- Occupation: Group CEO of Dubai Islamic Bank

= Adnan Chilwan =

Indian banking business executive

Adnan Chilwan (عدنان شلوان) is an Indian banking business executive, currently the CEO of Dubai Islamic Bank.

==Career==

Chilwan spent most of his early career in management positions at a wide range of Islamic and conventional banks in the Gulf region, including HSBC, Dubai Bank, Abu Dhabi Islamic Bank, and Mashreq. He began work for Dubai Islamic Bank in 2008, first serving as the Chief of Retail Banking and later as the Deputy Chief Executive Officer. In 2010, he became a founding member of the board of directors for the Sharia-compliant Emirates Real Estate Investment Trust, a joint venture between Dubai Islamic Bank and Eiffel Management.

Chilwan was appointed as chief executive of Dubai Islamic Bank in July 2013. By November 2013, the bank's net profit was up 33.5% compared to the previous nine-month period.
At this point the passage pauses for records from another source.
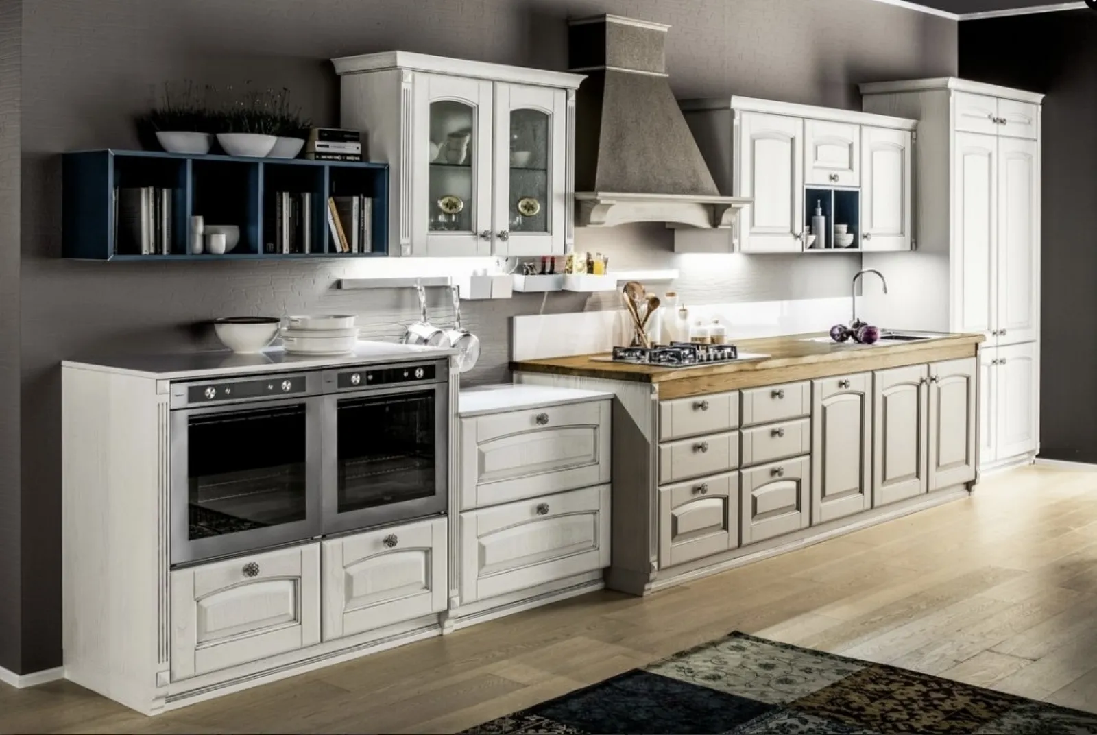 Discover a rich catalog of Classic Kitchens from the extensive Arrex catalog, available in a wide range of colors and in multiple materials, from wood to laminate to lacquered finishes. Among the company's furniture, this classic kitchen represents timeless values such as charm, intimacy, versatility, and a high degree of customizability. If you want to enrich your spaces with one of the most beautiful solutions on the market, come and see firsthand the value of the finest types of wood and the furniture proposals from the best brands: discover the linear Classic Kitchen Magda 05 by Arrex.
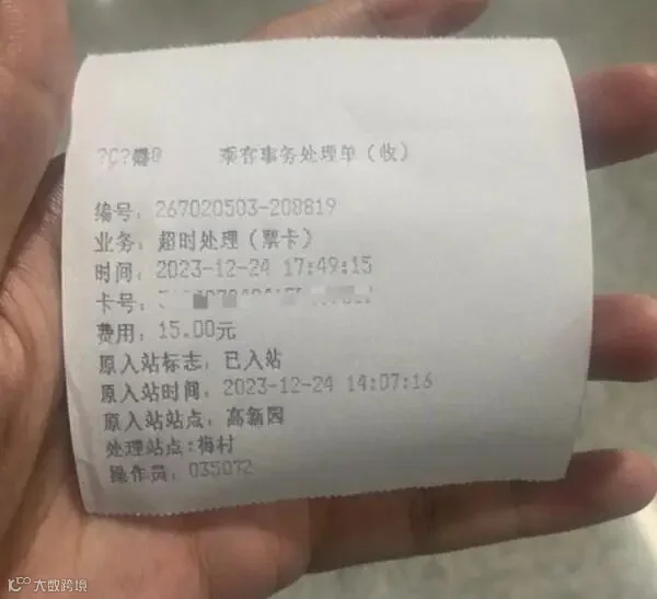 为此,记者拨打深圳地铁热线,一位客服人员回应称:“这不是罚款。在地铁内超过210分钟即3.5个小时,会被征收15元的超时服务费。”
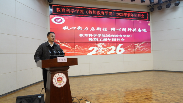 1月15日下午,教育科学学院(教师教育学院)举办“凝心聚力启新程,同心同行共奋进”2026年新年团拜会。全体教职工齐聚一堂,回首奋斗路,展望新征程。
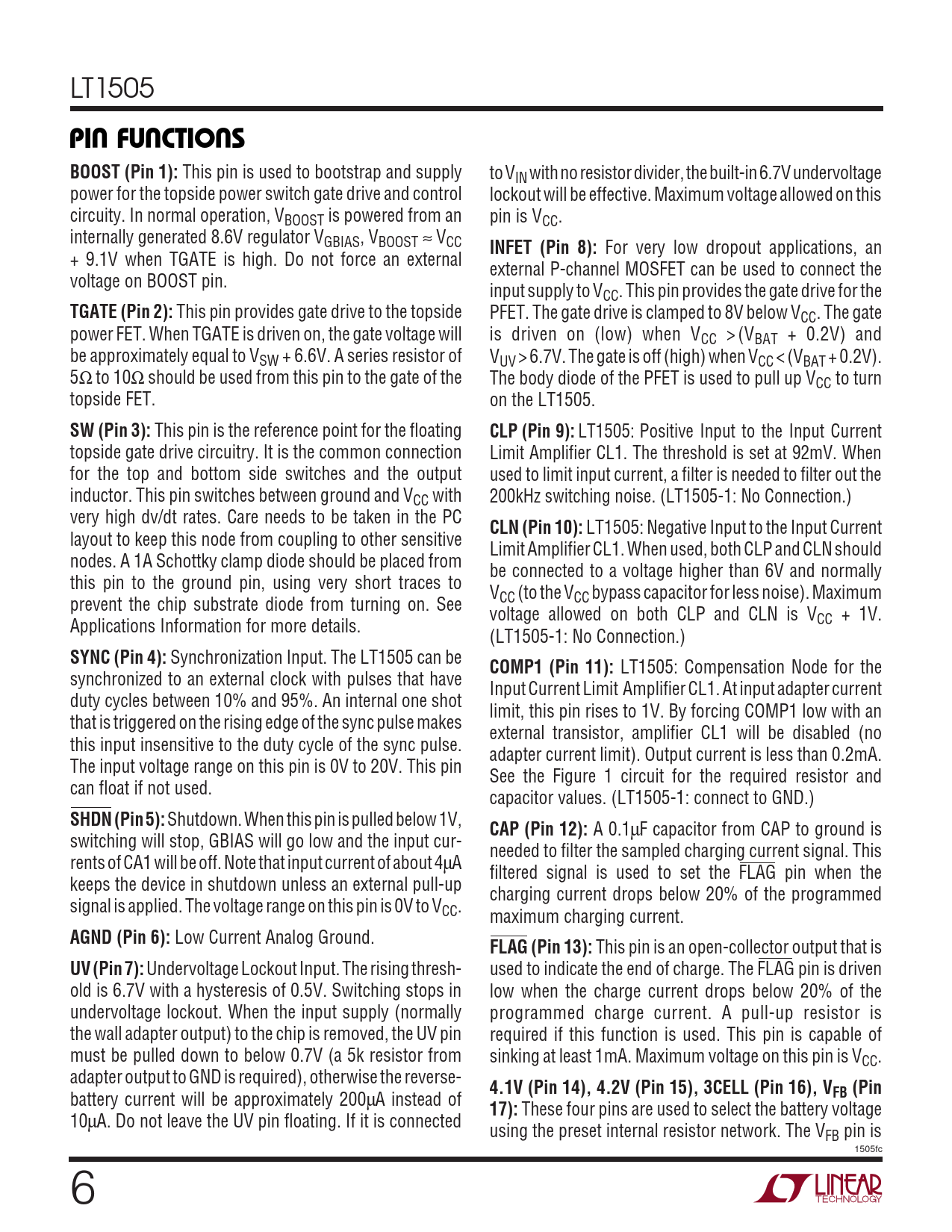 PIN FUNCTIONS. BOOST (Pin 1):. INFET (Pin 8):. TGATE (Pin 2):. SW (Pin 3):. CLP (Pin 9):. CLN (Pin 10):. SYNC (Pin 4):. COMP1 (Pin 11):
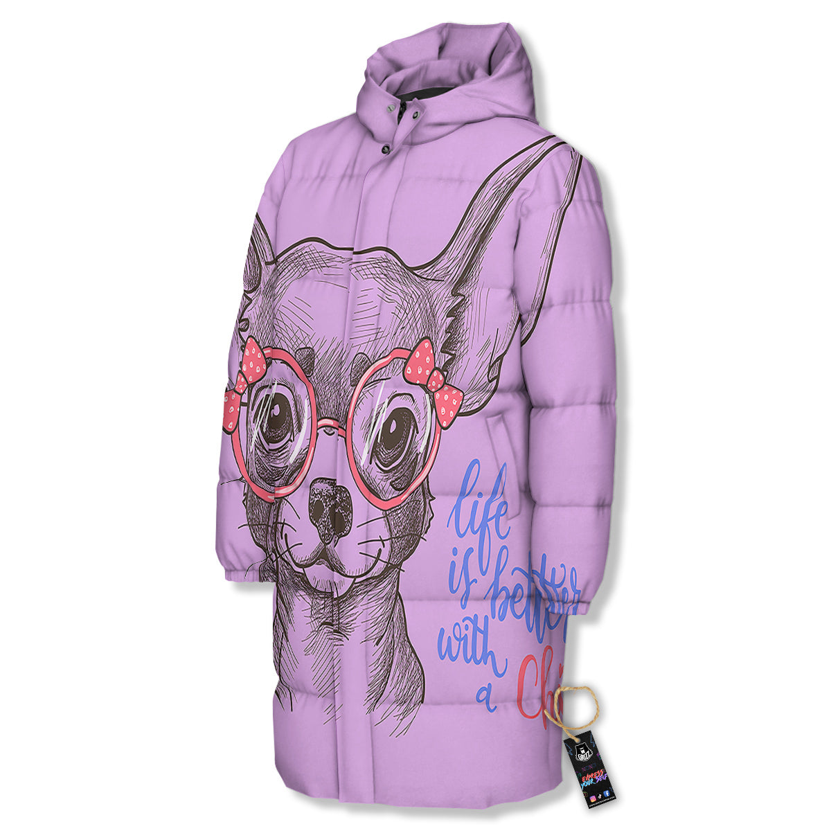 Chihuahua With Glasses Cute Print Long Down Jacket
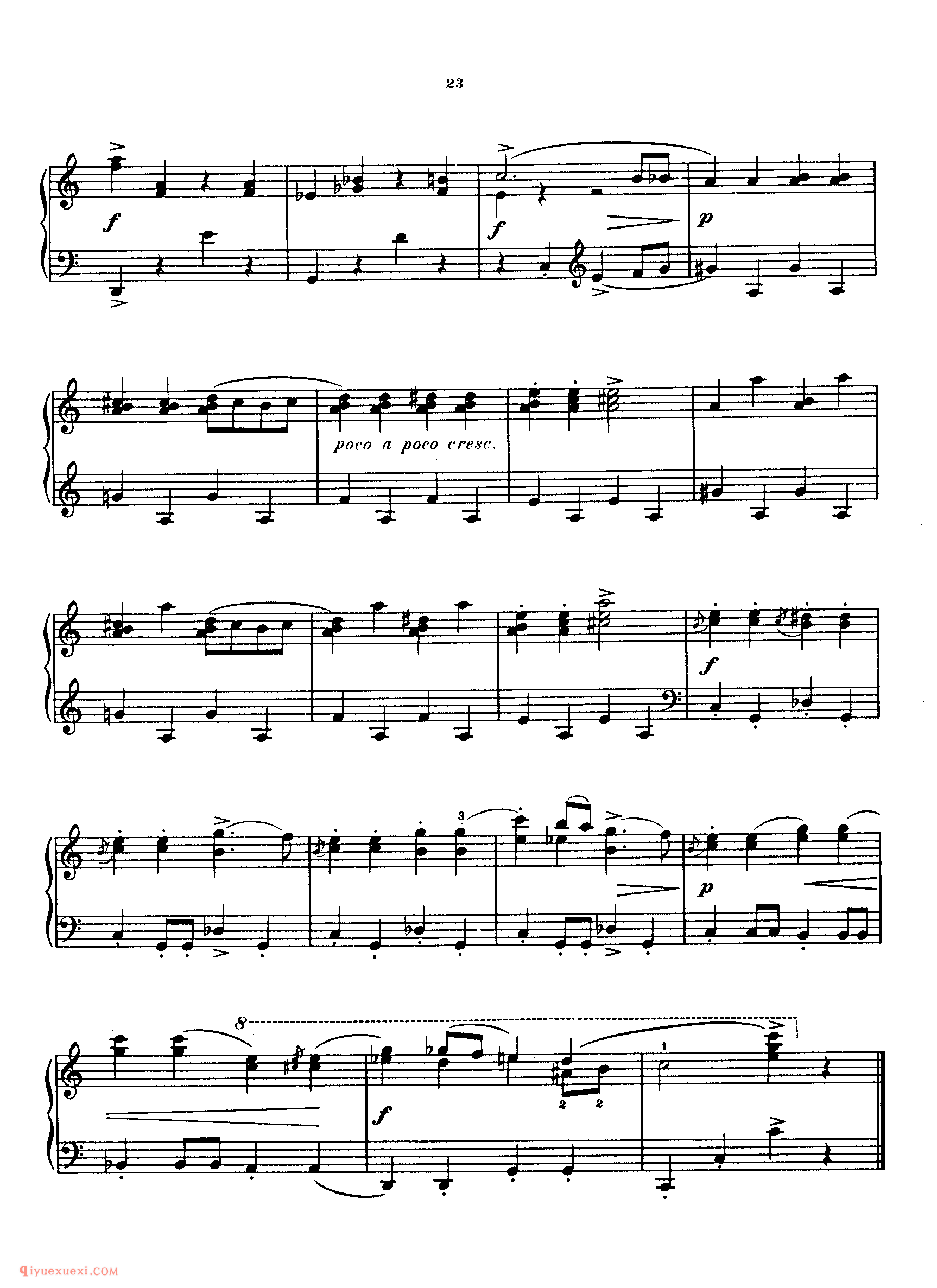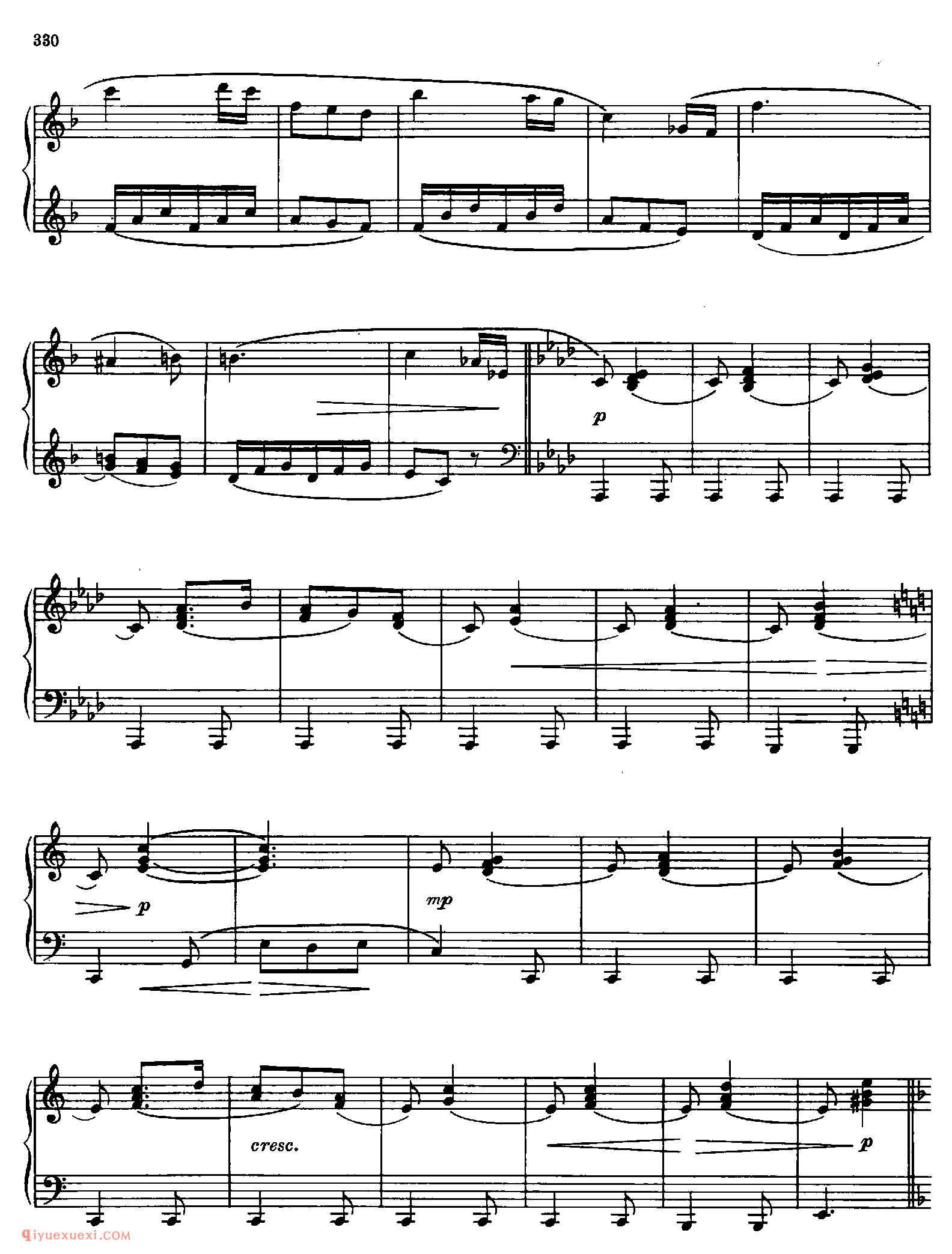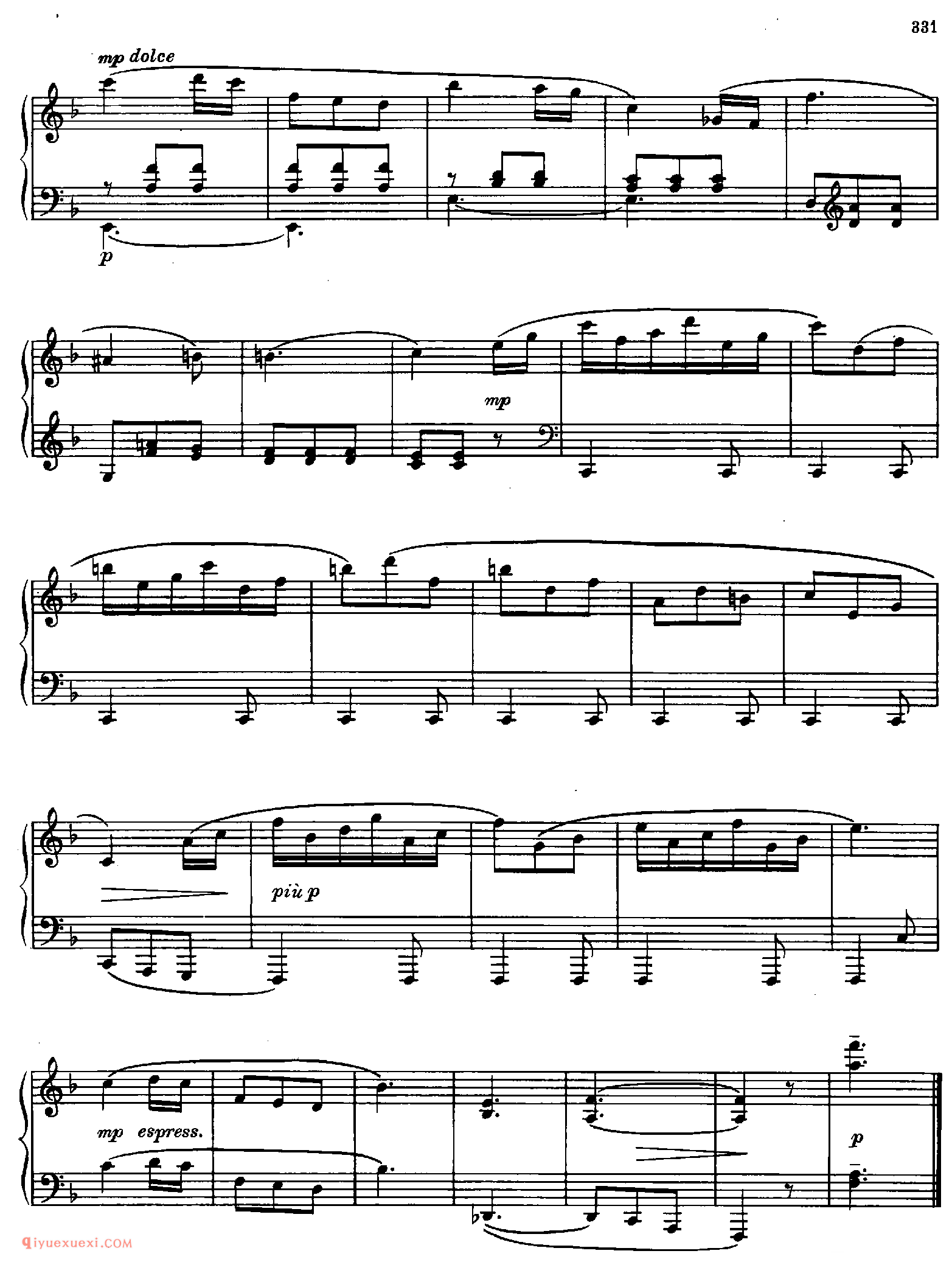 这首乐曲的左手弹奏时,小指既要站稳、保持,大指和三指又可略带轻微地带动手掌的翻动动作, 值得注意的是,19世纪的装饰音往往是在强拍之前弹奏的。因此第11小节的装饰音可从前一小节...

By 2014, the bank had 1.4 million customers and 86 branches across the UAE.

As GCEO, Chilwan indicated that his long-term goal is for the international operations of the bank to compose about 10 to 15% of the total revenue. He helped develop the SME Business Solutions Initiative, a Sharia-compliant line of financial products and services for SMEs.